Он часто вспоминал это обстоятельство и, упрекая себя, повторял: "Да, язык мой враг; ведь нужно же мне было ради смеха рассказать это императрице!".

Батюшка участвовал в Семилетней войне 27 и был в сражении при Гросс-Егерсдорфе, в котором Апраксин одержал победу.28 Тут батюшка едва не лишился жизни, потому что пуля ударила ему в грудь; но так как на нем был надет образ-складень, присланный ему пред войной от его матери, то пуля пробила платье и овчинку, в которую был зашит складень, и отскочила назад. Бабушка была очень благочестива и богомольна и вообще к духовенству и монашеству расположена. Она заповедала своему сыну никогда не выходить из дома, не прочитав 26-го псалма, то есть: "Господь просвещение мое и Спаситель мой, кого убоюся".29 Батюшка всегда это соблюдал. И точно, он имел всегда сильных врагов, и хотя они старались ему повредить, но, однако, Господь помиловал и сохранил от погибели.

V

Бабушка всегда принимала монахов-сборщиков: бывало, позовет к себе, накормит, напоит, даст денег, велит отвести комнату где переночевать и отпустит каждого довольным ее приемом.

Вот однажды говорят ей: приехал монах со сбором. Приказала позвать: "Откуда, отец?" -- "Оттуда-то", -- называет монастырь.

-- Садись, старец.

Велела изготовить чем угостить его. Сидят, разговаривают. Монах и говорит ей: "Матушка, а я и сынка-то вашего, Петра Михайловича, знаю" -- "Как так? Где ж ты его видел?" -- "Там-то", -- и начинает бабушке подробно говорить о батюшке; и точно, по словам видно, что знает его. Бабушка еще пуще расположилась к монаху. Только вдруг, во время разговора, бежит человек и докладывает бабушке: Петр Михайлович приехал. Взвертелся монах: хочет уйти из комнаты, бабушка его уговаривает остаться, а между тем входит батюшка. Поздоровавшись с матерью, он взглянул на монаха. Тот ни жив ни мертв.

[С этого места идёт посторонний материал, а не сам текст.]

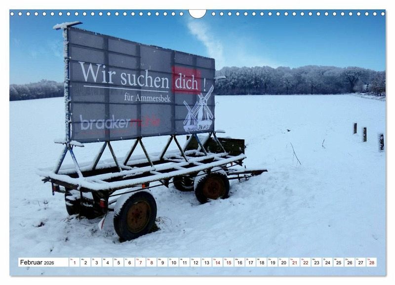 Februar: Alter Ackerwagen am Ortsausgang von Hoisbüttel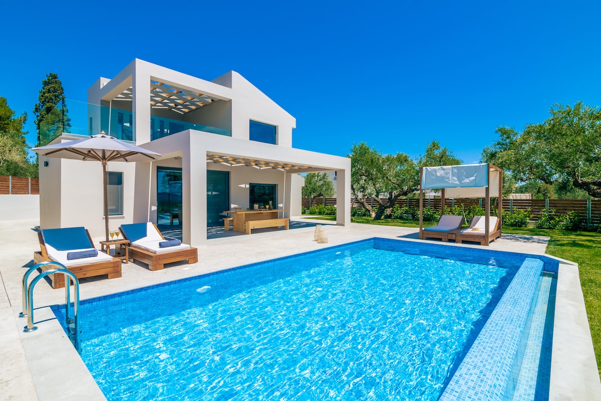 歡迎來到扎金索斯市中心的私人綠洲。 這棟設計前衛的別墅坐落在寧靜的山坡上,可欣賞橫跨島嶼自然美景的全景 別墅的每個細節都經過精心策劃,營造平靜、時尚的氛圍—從地球色的室內裝潢和手工製作的家具,到優雅的開放式起居空間和步入式淋浴間 位於島嶼中心,可輕鬆抵達最美麗的海灘

-- Ты как здесь? -- крикнул ему батюшка. Тот в ноги: -- Не погубите, виноват.

Бабушка смотрит, понять не может, что такое происходит. Батюшка и говорит ей:

-- Знаете ли, матушка, кого вы изволили принимать? Это беглый солдат из моей роты; его давно отыскивают.

-- Не погубите, -- повторяет тот.

Батюшка хотел было отправить его по этапу, но бабушка уговорила сына не срамить ее дома и не налагать руки на гостя, кто он ни на есть. Тот обещался явиться в полк сам от себя; не помню теперь, исполнил ли он обещание.

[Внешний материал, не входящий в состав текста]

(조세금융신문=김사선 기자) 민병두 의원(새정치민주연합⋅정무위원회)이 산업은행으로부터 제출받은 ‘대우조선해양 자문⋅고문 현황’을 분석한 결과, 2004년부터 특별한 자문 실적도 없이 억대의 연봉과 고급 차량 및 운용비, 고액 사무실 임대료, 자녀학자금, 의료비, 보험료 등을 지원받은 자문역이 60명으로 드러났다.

Бабушка хотя и не перестала принимать монахов-сборщиков, но с тех пор стала гораздо осторожнее, опасаясь, чтобы под видом настоящего монаха не принять какого-нибудь беглого, а батюшка, помня этот случай, всегда опасался сборщиков.

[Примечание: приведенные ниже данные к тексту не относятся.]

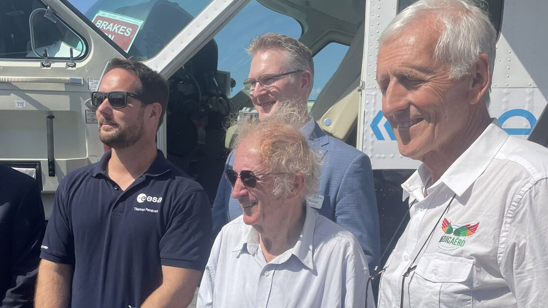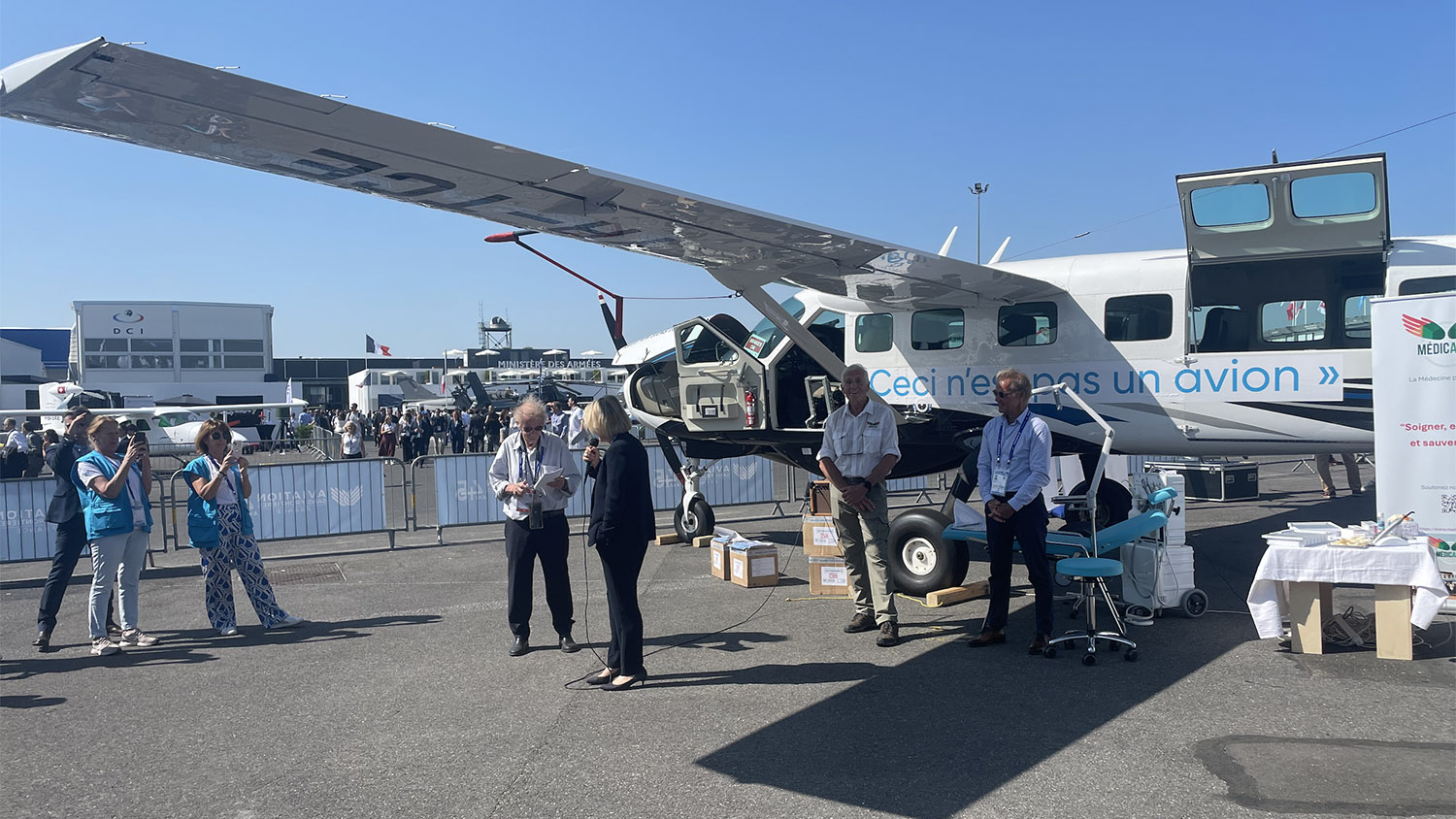 Présentation du projet sur le stand d’Aviation Sans Frontières au Salon du Bourget, en présence de Gérard Feldzer, président d’Aviation Sans Frontières, Jean-Jacques Dumesnil, président fondateur de Médicaéro, de Benoît Laurent, responsable des opérations aériennes Aviation Sans Frontières et Thomas Pesquet, parrain d’Aviation sans Frontières. (juin 2025)

В котором году женился батюшка, определительно сказать не умею, но полагаю, что это было в 1763 году, потому что старшая моя сестра Екатерина Петровна родилась 24 октября 1764 года, на первом же году его женитьбы. Матушка была сама по себе княжна Щербатова, дочь князя Николая Осиповича и княгини Анны Ивановны, урожденной княжны Мещерской. Когда она родилась, -- это было 7 октября 1743 года,-- дедушка находился в отсутствии, и бабушка дала ей имя Пелагеи, празднуемой октября 8 дня. Дедушка Щербатов скоро возвратился и очень опечалился, что дочь его назвали Пелагеей, а не Аграфеной, как он намеревался, в честь своей матери (второй жены его отца, князя Осипа Ивановича Щербатова, {Князь Осип Иванович Щербатов был женат два раза: в первый на Соковниной, Марье Васильевне, и от нее имел только дочь княжну Варвару Осиповну, вышедшую за князя Сергея Никитича Долгорукого; а от второй жены, А. Ф. Салтыковой, имел двух сыновей: князя Николая и князя Сергея Осиповичей. Этот был женат на Екатерине Михайловне Стрелковой, которую я видела в моем детстве, а муж ее умер, когда я была еще ребенком, и его не помню. У князя Сергея Осиповича было две дочери: одна за Елагиным, другая, Аграфена Сергеевна, за Мясоедовым; этих я помню, они к нам езжали, а Аграфена Сергеевна умерла уже в первые годы царствования императора Александра.} женатого на Аграфене Федоровне Салтыковой), и решил, чтобы называть ее Аграфеной, но именины она всегда праздновала октября 8; при венчании ее называли Аграфеной, но отпевали Пелагеей. Чрез тринадцать лет после рождения матушки бабушка родила вторую дочь, которую назвали Александрой; думаю, что это в честь бабушкиной матери, княгини Мещерской, урожденной Ергольской. Тетушка Александра Николаевна (бывшая впоследствии в замужестве за бригадиром графом Степаном Федоровичем Толстым) была чуть ли не у кормилицы еще, когда последовала дедушкина кончина.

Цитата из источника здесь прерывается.